This is a continuation of my previous post, in which I discussed the common modeling issue of using a binary variable to enforce or relax a linear constraint. The standard approach to this uses what is commonly known as a "big M" constraint, but there are alternatives. The two that I mentioned in the previous post were a version of Benders decomposition frequently termed "combinatorial Benders cuts" (CBC) and an approach specific to CPLEX using disjunctive "goals". The previous post illustrated this using a mixed integer linear program (MILP) for the two-group discriminant problem.
I've used both "big M" and CBC before, but I had never used goals, and I was curious about the relative performance of the three methods. So I coded the discriminant problem from the previous post in Java (with a slightly different objective function, which is irrelevant to the discussion at hand) and ran the various models using four data sets that I have left over from a paper I wrote 30-ish years ago. The data sets relate to breast cancer (444+239), diabetes (500+268), liver disease (145+200) and (just to prove I don't have a morbid fascination with disease) radar returns (126+225). The numbers in parentheses are the sizes of the two samples.
I ran the problems using CPLEX 20.1 with a 10 minute time limit and default values for all parameters. For the CBC model, I used generic callbacks with a local copy of the LP subproblem for each thread (which will relate to memory use). The table below shows, for each combination of data set and model, the run time (in seconds), the final objective value (lower is better), the final bound (bigger is better) and the approximate peak memory use (in gigabytes, omitted for cases where the memory use was "trivial").

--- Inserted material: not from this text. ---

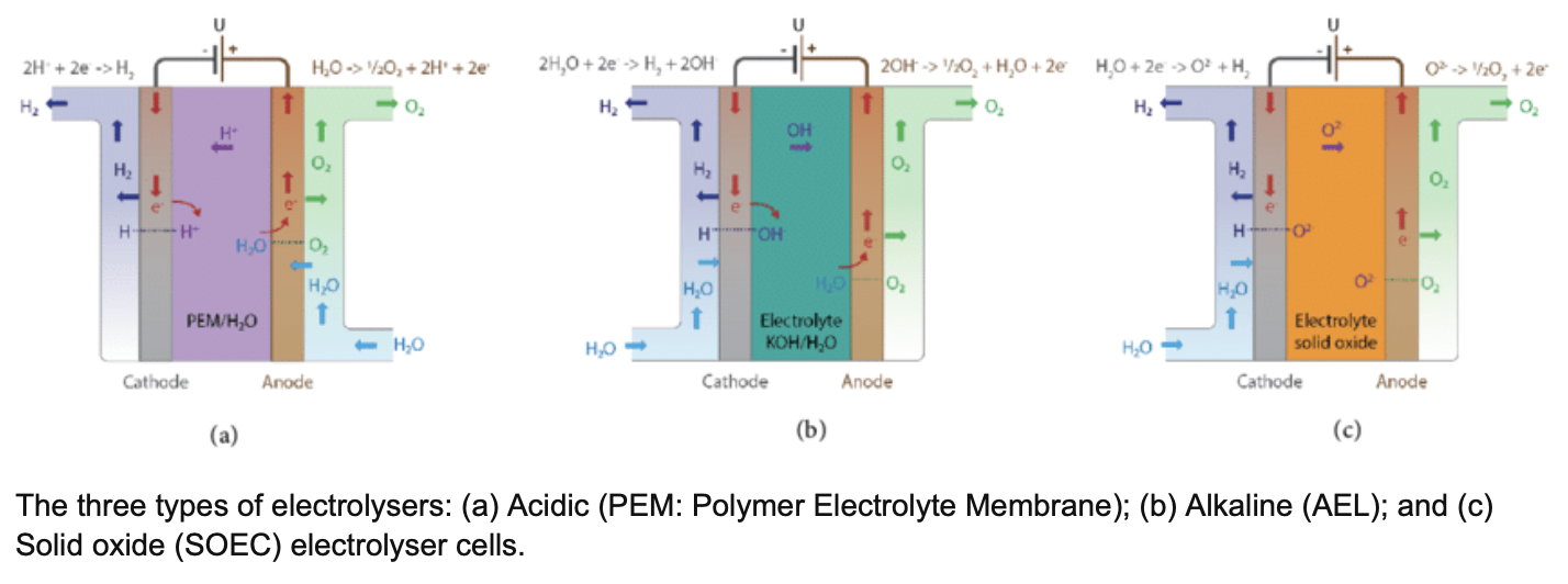 There are three main types of electrolyzers used in the hydrogen economy: alkaline, proton exchange membrane (PEM), and solid oxide.
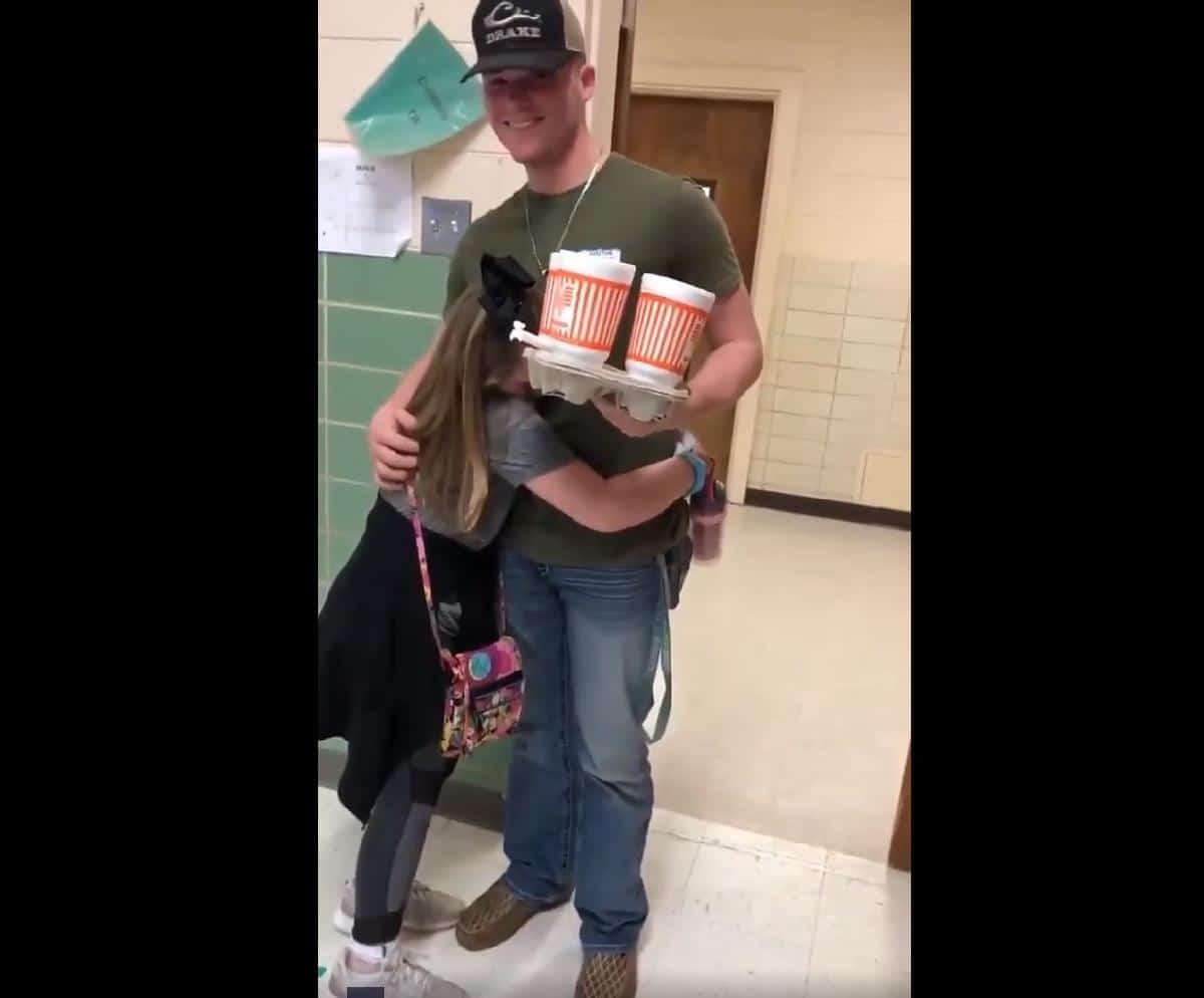 Tyler Armstrong, her big brother, had just returned from the army to surprise his sister at school. At that point, they haven’t seen each other for three months. And for a little kid, that’s a really long time! He showed up at her school and as soon as she saw him, she ran up to him and hugged him saying, “I missed you so much!”

Data | Model | Time (s.) | Objective | Bound | Memory (GB) |
---|---|---|---|---|---|
Cancer | Big M | 2.2 | 0.0124 | 0.0124 | --- |
CBC | 6.5 | 0.0124 | 0.0124 | --- | |
Goals |
600 | 0.0124 | 0.0056 | 1.0 | |
Diabetes | Big M | 600 | 0.2057 | 0.0614 | 0.2 |
CBC | 600 | 0.3966 | 0.0598 | 2.9 | |
Goals |
600 | 0.2239 | 0.0038 | 4.1 | |
Liver | Big M | 600 | 0.2521 | 0.1243 | 0.2 |
CBC | 600 | 0.3244 | 0.1013 | 7.6 | |
Goals |
600 | 0.2639 | 0.0169 | 2.8 | |
Radar | Big M | 91 | 0.0190 | 0.0190 | --- |
CBC | 139 | 0.0186 | 0.0186 | 0.2 | |
Goals |
600 | 0.0190 | 0.0066 | 0.2 |
Before forging ahead, I'll note one small anomaly in the results for the radar data set. Both the "big M" and CBC methods got "provably optimal" solutions (lower bound = upper bound), but the CBC solution was slightly better (misclassifying six observations, versus seven for "big M"). I think this is just an issue with tolerance settings (constraint satisfaction tolerance, integrality tolerance or a combination of the two).
I've said on more than one occasion that the only valid generalization about integer programs is that there are no other valid generalizations about integer programs. That won't stop me from looking for possible patterns in the table, but it is important to keep in mind not only the small number of problems tried (four) and the specific nature (two-group discriminant analysis), but also the fact that I have fairly tight, data-based values of $M_i$ for the "big M" models. In two data sets, "big M" and CBC both got proven optimal solutions (with CBC being slower but not particularly slow). Both times, the goal approach also found an optimal solution (or optimal-ish in the radar case), but was nowhere getting the bound close to the optimal value. In the other two cases, goals did better on the primal side (found a better incumbent solution) but CBC did better on the dual side (found a tighter bound). Since CBC is busy hacking off infeasible candidate solutions and the goal approach is trying to satisfy goals, I suspect this pattern might generalize a bit.
On the two more difficult data sets (diabetes and liver disease), both CBC and goals used much more memory than "big M" did. In both cases, portions of the node file were being compressed and possibly shipped off to disk by CBC and goals, whereas "big M" never got to the point of consuming very much memory. I'll confess that I was expecting goals to be much more of a memory hog than CBC, since the goal "stack" gets replicated at every node, but CBC used much more memory than goals on the liver disease data set. Although I did not keep count, my guess is that indicates CBC was cranking out a huge number of Benders cuts. I think the memory use can be mitigated (somewhat) by making the cuts purgeable, but I did not bother to test that.
My last take-away: on the easy problems "big M" was fastest, and on the challenging problems "big M" had both the best incumbent value and the tightest bound. Again, this particular set of problems benefits from fairly tight $M_i$ values. So, henceforth, I will likely stick to "big M" whenever I think I have good values for $M$.